**Exercise materials**
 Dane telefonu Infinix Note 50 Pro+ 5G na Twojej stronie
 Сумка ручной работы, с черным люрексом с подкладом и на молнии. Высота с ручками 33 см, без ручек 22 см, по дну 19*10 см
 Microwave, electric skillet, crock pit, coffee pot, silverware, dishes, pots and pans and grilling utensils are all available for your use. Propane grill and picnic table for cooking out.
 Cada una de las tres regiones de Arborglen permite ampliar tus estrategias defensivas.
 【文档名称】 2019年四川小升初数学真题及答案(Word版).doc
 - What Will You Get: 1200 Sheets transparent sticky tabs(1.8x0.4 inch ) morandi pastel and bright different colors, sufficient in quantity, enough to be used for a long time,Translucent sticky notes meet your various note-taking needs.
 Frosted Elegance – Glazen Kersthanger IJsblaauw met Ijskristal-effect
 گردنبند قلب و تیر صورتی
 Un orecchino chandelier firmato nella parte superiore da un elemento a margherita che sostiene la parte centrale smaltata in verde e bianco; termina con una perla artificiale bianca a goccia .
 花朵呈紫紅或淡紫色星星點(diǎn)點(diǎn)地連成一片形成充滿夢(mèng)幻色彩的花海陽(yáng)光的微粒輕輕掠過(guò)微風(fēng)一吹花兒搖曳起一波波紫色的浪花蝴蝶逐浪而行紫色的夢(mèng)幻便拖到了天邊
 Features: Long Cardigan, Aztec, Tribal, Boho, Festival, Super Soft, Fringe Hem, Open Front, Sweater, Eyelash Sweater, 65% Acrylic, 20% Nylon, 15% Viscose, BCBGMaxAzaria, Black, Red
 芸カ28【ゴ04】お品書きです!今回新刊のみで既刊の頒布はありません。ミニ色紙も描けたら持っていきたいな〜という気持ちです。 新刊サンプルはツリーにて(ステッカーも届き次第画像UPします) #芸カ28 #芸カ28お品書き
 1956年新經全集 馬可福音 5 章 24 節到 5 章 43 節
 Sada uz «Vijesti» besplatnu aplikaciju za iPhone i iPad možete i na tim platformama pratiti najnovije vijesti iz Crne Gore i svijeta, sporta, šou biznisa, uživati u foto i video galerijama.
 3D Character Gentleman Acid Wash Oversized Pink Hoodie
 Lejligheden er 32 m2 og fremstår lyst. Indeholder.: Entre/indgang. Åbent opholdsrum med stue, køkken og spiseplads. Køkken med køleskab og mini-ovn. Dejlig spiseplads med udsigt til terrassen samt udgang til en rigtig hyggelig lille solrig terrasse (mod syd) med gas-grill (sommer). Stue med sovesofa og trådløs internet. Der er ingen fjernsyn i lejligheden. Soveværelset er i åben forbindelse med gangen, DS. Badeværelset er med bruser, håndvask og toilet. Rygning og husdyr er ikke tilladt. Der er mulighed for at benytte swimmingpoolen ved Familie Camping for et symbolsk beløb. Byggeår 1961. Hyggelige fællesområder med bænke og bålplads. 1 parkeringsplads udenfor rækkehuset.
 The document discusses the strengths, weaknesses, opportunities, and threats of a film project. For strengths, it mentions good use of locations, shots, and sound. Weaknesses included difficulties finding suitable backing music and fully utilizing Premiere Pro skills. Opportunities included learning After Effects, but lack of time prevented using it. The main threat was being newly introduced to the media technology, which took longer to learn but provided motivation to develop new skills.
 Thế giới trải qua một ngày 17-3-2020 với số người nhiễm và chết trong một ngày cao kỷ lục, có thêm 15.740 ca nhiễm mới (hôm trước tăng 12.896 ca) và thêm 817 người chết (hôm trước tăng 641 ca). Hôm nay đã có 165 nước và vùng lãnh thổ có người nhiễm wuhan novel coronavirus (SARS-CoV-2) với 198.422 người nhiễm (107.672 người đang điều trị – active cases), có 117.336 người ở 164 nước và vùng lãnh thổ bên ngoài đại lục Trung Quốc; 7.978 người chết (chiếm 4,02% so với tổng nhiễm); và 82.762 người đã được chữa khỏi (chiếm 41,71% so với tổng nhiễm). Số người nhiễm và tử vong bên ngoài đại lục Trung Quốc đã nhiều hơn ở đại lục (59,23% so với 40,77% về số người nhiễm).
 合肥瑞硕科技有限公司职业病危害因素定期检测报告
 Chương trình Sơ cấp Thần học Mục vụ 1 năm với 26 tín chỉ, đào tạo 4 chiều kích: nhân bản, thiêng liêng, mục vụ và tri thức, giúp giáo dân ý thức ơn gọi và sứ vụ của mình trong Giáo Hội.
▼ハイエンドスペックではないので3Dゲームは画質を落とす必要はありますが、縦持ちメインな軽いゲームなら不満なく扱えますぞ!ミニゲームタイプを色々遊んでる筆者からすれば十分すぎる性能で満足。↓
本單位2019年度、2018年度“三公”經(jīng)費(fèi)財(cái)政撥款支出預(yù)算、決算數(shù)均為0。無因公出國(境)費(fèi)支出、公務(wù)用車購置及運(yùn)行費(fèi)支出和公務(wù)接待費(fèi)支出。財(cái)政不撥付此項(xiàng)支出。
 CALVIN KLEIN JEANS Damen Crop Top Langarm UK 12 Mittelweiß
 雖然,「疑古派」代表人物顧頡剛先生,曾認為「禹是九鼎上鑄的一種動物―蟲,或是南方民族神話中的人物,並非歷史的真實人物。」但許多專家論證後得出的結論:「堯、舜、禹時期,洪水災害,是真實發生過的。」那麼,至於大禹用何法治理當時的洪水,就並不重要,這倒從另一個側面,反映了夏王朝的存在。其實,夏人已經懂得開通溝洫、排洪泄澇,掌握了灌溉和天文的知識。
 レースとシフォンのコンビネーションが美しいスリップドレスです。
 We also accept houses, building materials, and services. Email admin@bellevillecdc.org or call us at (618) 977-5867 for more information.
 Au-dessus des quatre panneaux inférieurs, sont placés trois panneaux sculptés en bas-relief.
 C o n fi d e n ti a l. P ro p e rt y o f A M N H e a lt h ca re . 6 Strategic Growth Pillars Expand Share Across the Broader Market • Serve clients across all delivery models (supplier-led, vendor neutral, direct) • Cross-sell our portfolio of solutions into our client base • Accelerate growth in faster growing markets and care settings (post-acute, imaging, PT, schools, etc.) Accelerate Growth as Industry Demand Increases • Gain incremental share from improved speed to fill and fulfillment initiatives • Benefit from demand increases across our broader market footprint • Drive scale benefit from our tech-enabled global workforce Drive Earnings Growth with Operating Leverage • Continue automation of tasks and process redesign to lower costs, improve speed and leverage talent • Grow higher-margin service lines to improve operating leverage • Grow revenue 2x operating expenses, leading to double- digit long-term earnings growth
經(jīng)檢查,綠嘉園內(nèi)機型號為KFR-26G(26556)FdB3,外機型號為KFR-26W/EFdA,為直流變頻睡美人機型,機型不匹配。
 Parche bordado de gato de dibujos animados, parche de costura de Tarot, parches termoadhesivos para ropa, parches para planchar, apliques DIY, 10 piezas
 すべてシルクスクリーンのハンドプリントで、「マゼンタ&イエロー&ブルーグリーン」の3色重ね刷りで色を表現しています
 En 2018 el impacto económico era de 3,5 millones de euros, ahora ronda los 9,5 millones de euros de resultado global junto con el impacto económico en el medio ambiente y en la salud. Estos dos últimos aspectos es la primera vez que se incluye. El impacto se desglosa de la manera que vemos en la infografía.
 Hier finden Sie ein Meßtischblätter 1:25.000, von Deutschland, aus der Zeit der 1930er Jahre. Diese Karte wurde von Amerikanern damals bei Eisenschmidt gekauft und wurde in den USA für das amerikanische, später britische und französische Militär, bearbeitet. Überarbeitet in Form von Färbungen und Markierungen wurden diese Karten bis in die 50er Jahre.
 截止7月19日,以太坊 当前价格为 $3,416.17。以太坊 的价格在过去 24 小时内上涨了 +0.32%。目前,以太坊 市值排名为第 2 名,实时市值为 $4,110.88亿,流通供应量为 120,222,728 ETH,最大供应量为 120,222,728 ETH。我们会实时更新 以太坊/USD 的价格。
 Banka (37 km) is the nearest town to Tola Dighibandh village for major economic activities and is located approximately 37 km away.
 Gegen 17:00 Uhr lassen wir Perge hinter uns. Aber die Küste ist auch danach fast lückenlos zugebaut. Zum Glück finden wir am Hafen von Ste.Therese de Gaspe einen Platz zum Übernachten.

**Assigned task**
Return only the lines between the one holding "本單位2019年度、2018" and the one holding "雖然,「疑古派」代表人物顧頡", inclusive, exactly as they appear above.

**Response below**
本單位2019年度、2018年度“三公”經(jīng)費(fèi)財(cái)政撥款支出預(yù)算、決算數(shù)均為0。無因公出國(境)費(fèi)支出、公務(wù)用車購置及運(yùn)行費(fèi)支出和公務(wù)接待費(fèi)支出。財(cái)政不撥付此項(xiàng)支出。
 CALVIN KLEIN JEANS Damen Crop Top Langarm UK 12 Mittelweiß
 雖然,「疑古派」代表人物顧頡剛先生,曾認為「禹是九鼎上鑄的一種動物―蟲,或是南方民族神話中的人物,並非歷史的真實人物。」但許多專家論證後得出的結論:「堯、舜、禹時期,洪水災害,是真實發生過的。」那麼,至於大禹用何法治理當時的洪水,就並不重要,這倒從另一個側面,反映了夏王朝的存在。其實,夏人已經懂得開通溝洫、排洪泄澇,掌握了灌溉和天文的知識。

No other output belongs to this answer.